А в конце февраля, когда уже совсем приготовился было к встрече весны, начались вдруг сильные морозы с резким ветром и метелью, точно меня отбросили к декабрю. И в марте весна оставалась в бегах, а северный ветер казался еще более пронзительным. Говорил себе, что нужно вооружиться терпением и дать зиме покуражиться перед смертью, а все же было обидно. Снегу навалило столько, что не верилось в его скорое исчезновение. Одно утешение, что прогулку увеличили с 30 минут до 40: это очень заметно и хорошо влияет на настроение. Хотелось бы завести цветы, но вспомнил прошлогоднюю развязку цветоводства и… утешился мыслью, что это последняя весна без цветов.
Стояли еще морозы, а камера уже была залита солнечным сиянием. Оно незаметно подобралось к столу и припекло правую руку. Этого было довольно, чтобы мысль мгновенно перенеслась на волю и чтобы остающиеся десять месяцев показались бесконечностью: скорее бы уж наступил конец апреля! Ведь тогда исполнится четыре года со дня ареста, останется четверть срока и кончится пятый десяток недель!… А пока… Еще в феврале показалось, что голуби где-то вьют гнездо. Думал, что ошибся. И вдруг вижу пискуна, только что вылетевшего из гнезда. Вид у него жалкий-прежалкий. Старые голуби жестоко бьют его. Как мог вырасти птенец в такие морозы? И не похож ли я на него со своей преждевременной радостью о близости момента, когда кончится мое отчуждение от мира?
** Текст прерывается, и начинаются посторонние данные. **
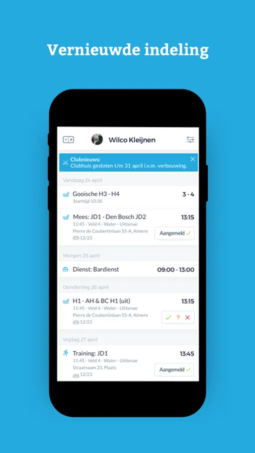 De app is een onmisbare tool voor ouders, spelers, trainers, coaches en managers.

Во вторник мне принесли новые калоши. «Пора начаться весенней слякоти», – подумал я в сотый раз, и на этот раз я угадал. К полудню среды резко заколебалось черное дыхание, а в четверг потекло. Весна была дружная: проталины расширялись почти заметно для глаза. Утром Нева блестела снегом, а вечером в ее лужах опрокинулись фонари. Елки посветлели, и почки их вздулись. Почти все воробьи и голуби покинули тюремный двор: быстро оттаявшая земля всюду обнажала обильные блюда для роскошных пиршеств, и птицы с презрением отвернулись от арестантского хлеба. Настроение стало слегка возбужденным, как будто случилось приятное событие в личной жизни, как будто тюремная монотонность сменилась радостной пестротой воли.
Первые дни апреля. Страстная пятница. Идет предпраздничная уборка: мытье стен и выколачивание половиков. Утро прошло прекрасно: голова хорошо работала. Вчера отбил задвижки на зимней раме при помощи табуретки вместо молотка; обчистил замазку и на время прогулки самовольно открыл окно. Сидеть в комнате при открытом окне еще холодно. По пятницам дают личные свидания для приезжих родственников.
– Пожалуйте на свидание. Возьмите заодно и пальто: там прямо поедете в сыскное.
По голове камнем ударило: неужели новое дело? Но с какой же стати в сыскное, а не в жандармское? Неужели опять эти отвратительные допросы? Я вышел из камеры очень взволнованный. Скоро дело разъяснилось: нужно ехать не для допроса, а только для снятия фотографической карточки. Свидание пропало: и я и мой посетитель слишком волновались, начальство торопило, и через пять минут мы простились. Мне сейчас предстояло выйти за пределы тюремного двора – первый раз в двадцать пять месяцев.
Тюремная карета знакома. У нее вход сзади; снаружи около дверцы сидение для конвойного, а на черных боках крупными буквами написано: «С.-Петербургская одиночная тюрьма». Внутри две продольные лавочки. В задней дверце – единственное окно. Через него я тотчас стал жадно глядеть на давно не виданное уличное движение и хорошо знакомые дома. Но как ужасно дребезжит карета, особенно после тюремной тишины. Не слышно ни единого уличного звука.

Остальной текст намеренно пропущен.